_What the task requires_. Below are entries; repeat exactly, and nothing else, the lines from the one holding "Queste felpe aziendali" through the one holding "El-scooter med tre", inclusive. Leave the pictures out.

_Records provided_.
┌──

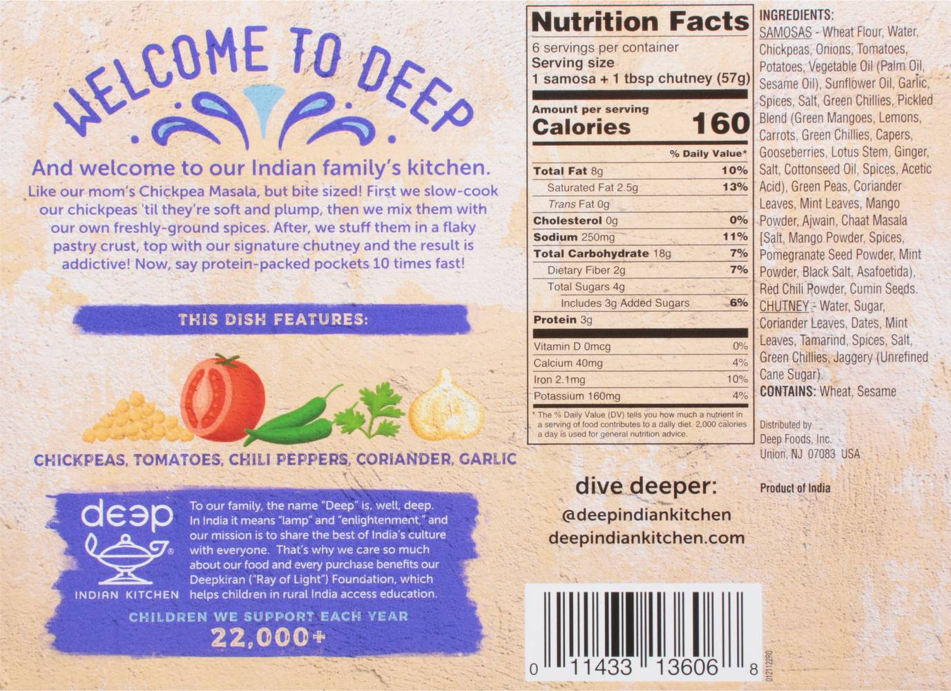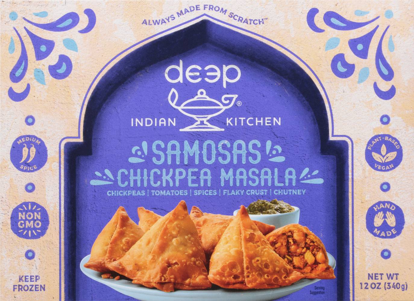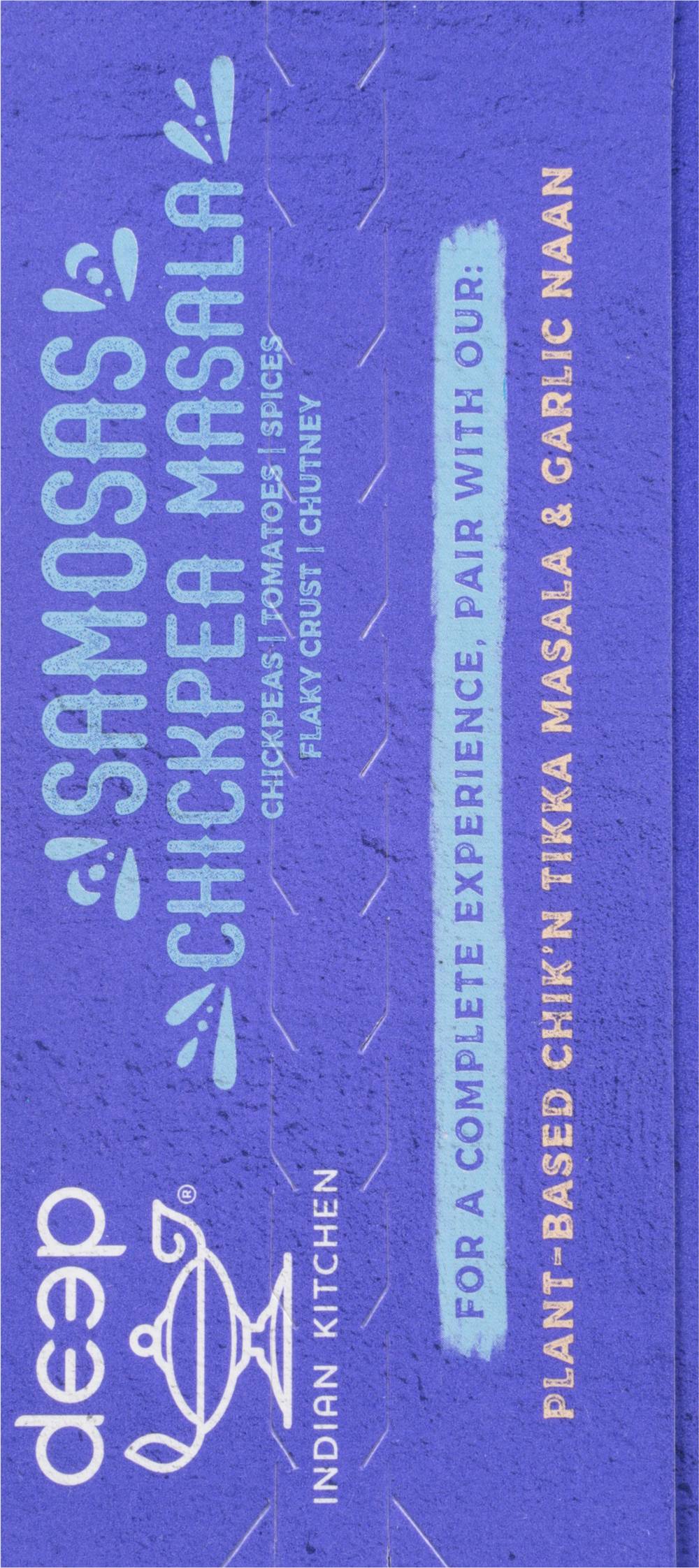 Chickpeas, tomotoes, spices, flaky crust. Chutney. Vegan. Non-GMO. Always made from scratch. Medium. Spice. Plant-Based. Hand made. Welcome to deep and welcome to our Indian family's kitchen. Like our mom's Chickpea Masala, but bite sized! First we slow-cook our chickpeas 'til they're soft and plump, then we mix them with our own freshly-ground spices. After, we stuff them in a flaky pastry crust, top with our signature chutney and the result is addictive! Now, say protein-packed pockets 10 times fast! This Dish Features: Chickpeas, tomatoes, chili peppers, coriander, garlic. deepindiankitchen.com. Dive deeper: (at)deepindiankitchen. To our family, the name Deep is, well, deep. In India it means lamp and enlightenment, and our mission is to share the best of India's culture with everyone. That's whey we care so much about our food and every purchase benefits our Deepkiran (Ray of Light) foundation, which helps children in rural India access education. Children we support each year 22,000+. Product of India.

└──
┌──

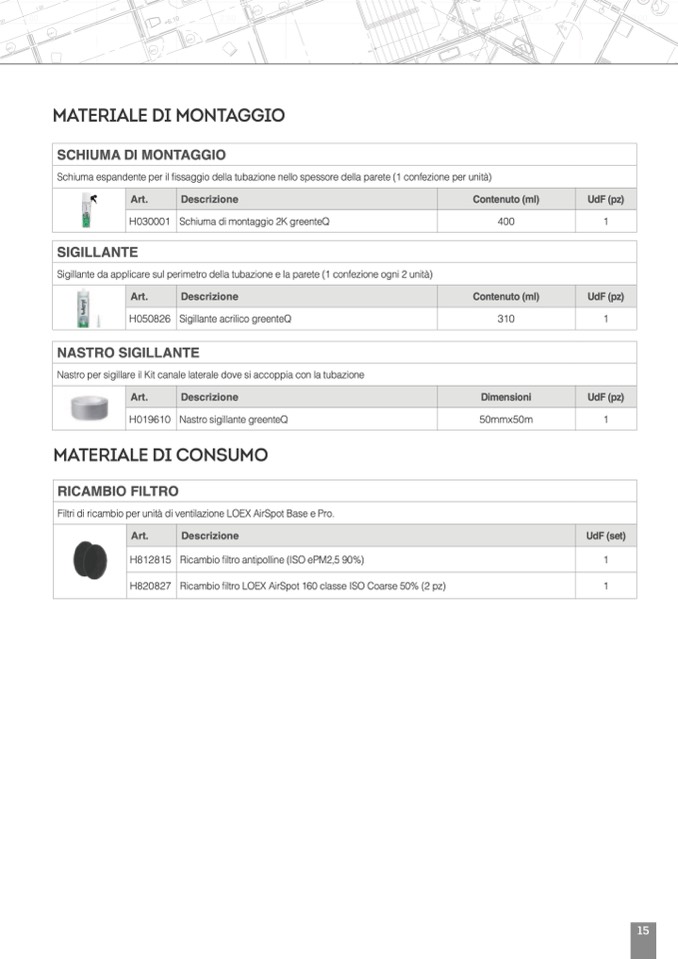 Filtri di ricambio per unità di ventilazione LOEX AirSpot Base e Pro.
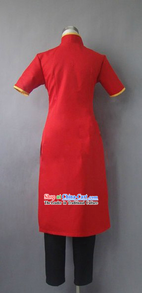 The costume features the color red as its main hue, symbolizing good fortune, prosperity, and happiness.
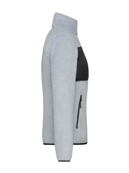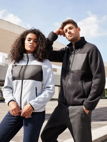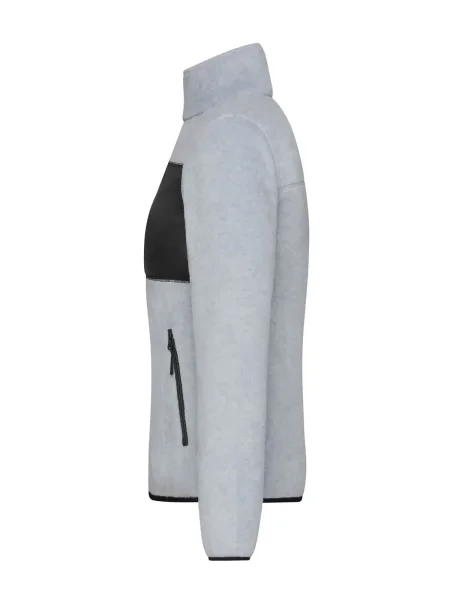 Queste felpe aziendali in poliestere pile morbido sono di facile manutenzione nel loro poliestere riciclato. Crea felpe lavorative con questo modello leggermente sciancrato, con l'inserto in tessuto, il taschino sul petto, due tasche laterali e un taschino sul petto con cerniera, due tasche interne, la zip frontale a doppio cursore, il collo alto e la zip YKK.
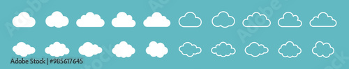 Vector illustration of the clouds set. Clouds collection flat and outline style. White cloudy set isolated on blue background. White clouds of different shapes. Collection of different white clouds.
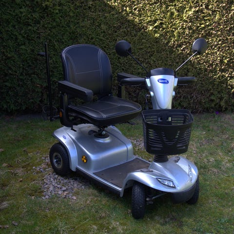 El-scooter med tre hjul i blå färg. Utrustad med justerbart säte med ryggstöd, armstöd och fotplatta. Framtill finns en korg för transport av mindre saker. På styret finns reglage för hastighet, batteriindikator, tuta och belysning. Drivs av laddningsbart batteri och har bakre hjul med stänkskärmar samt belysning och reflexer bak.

└──

_Answer to the exercise_.
 Queste felpe aziendali in poliestere pile morbido sono di facile manutenzione nel loro poliestere riciclato. Crea felpe lavorative con questo modello leggermente sciancrato, con l'inserto in tessuto, il taschino sul petto, due tasche laterali e un taschino sul petto con cerniera, due tasche interne, la zip frontale a doppio cursore, il collo alto e la zip YKK.
 Vector illustration of the clouds set. Clouds collection flat and outline style. White cloudy set isolated on blue background. White clouds of different shapes. Collection of different white clouds.
 El-scooter med tre hjul i blå färg. Utrustad med justerbart säte med ryggstöd, armstöd och fotplatta. Framtill finns en korg för transport av mindre saker. På styret finns reglage för hastighet, batteriindikator, tuta och belysning. Drivs av laddningsbart batteri och har bakre hjul med stänkskärmar samt belysning och reflexer bak.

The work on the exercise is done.